**WHAT YOU NEED TO DO**
In the entries below, find the line with "- A라인으로 떨어지는 여유있는 셔츠 핏" and the line with "PPH变径大小头风管承插焊接DN15-DN2000". Print those two and everything between them exactly, and nothing else.

**INPUT MATERIAL**
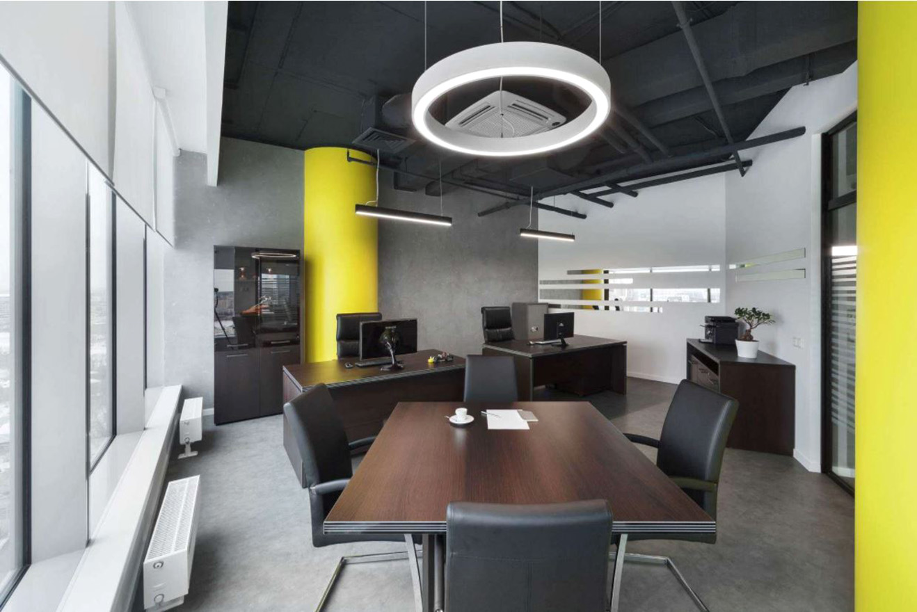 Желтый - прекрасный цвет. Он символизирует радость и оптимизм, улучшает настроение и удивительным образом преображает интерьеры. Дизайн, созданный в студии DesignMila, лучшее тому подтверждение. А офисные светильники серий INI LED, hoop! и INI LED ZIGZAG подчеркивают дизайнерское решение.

--

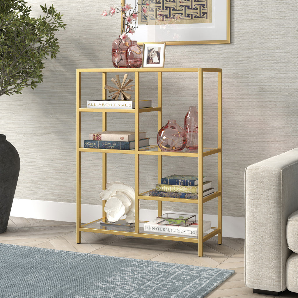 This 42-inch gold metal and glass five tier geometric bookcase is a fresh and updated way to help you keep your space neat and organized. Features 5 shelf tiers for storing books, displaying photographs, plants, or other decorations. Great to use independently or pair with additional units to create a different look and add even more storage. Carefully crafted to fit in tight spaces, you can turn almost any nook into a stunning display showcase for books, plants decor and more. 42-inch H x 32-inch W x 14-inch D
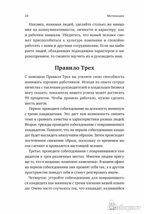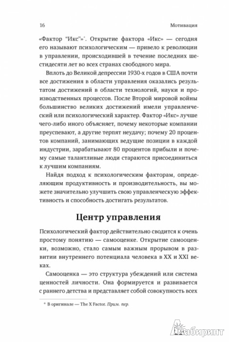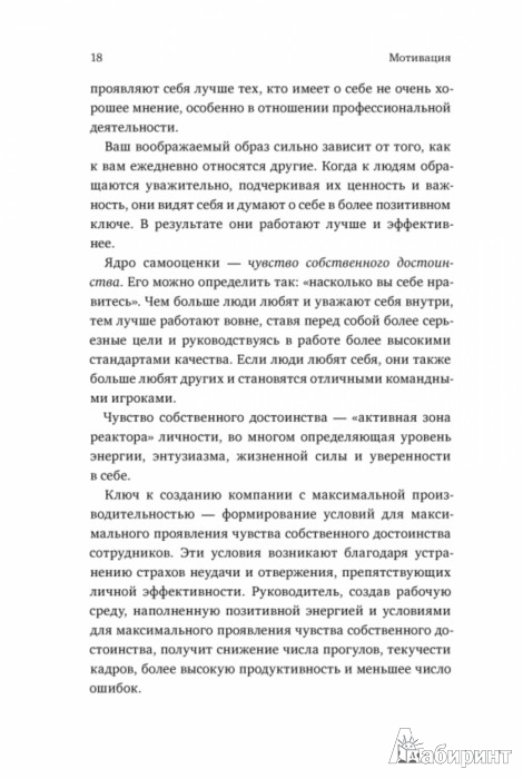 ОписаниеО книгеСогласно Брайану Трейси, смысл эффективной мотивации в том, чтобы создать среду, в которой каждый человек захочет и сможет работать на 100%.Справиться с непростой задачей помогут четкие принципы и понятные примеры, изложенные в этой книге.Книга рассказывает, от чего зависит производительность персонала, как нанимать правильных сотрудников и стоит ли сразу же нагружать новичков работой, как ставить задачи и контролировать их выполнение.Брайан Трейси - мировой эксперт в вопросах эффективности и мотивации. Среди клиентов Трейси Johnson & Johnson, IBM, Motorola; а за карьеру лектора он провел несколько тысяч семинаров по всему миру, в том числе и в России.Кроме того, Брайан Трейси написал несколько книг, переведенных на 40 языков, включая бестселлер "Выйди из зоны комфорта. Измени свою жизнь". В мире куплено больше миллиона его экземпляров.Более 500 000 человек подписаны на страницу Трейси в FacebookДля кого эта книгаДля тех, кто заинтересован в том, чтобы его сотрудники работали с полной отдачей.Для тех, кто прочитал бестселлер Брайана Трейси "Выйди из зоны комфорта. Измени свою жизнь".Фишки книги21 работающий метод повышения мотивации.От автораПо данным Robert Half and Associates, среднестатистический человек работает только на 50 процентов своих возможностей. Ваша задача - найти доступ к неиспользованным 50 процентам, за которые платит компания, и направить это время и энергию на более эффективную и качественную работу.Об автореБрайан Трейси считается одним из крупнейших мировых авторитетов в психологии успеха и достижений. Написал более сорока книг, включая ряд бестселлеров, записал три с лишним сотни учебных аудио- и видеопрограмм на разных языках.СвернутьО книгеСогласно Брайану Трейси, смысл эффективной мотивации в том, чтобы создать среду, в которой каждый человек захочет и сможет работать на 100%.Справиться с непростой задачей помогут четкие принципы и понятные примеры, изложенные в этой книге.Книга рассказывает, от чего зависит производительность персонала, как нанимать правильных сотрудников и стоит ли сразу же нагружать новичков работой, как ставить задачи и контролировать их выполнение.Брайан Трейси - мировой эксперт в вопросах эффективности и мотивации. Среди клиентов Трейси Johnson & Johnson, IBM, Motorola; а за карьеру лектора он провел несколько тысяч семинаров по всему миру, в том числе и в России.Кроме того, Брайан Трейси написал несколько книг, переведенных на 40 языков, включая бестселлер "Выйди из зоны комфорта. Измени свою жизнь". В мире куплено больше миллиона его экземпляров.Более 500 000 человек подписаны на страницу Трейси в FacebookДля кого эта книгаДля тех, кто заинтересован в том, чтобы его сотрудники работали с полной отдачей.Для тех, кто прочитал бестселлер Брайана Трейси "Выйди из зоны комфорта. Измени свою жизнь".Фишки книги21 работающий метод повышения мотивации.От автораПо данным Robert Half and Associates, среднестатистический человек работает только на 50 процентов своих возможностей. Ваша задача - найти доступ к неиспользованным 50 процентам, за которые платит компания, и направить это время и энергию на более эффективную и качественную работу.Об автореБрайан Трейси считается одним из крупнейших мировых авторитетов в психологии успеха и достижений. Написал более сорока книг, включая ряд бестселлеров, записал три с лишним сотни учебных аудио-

==

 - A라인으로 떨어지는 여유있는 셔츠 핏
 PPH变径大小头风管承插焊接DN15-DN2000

**REPLY**
 - A라인으로 떨어지는 여유있는 셔츠 핏
 PPH变径大小头风管承插焊接DN15-DN2000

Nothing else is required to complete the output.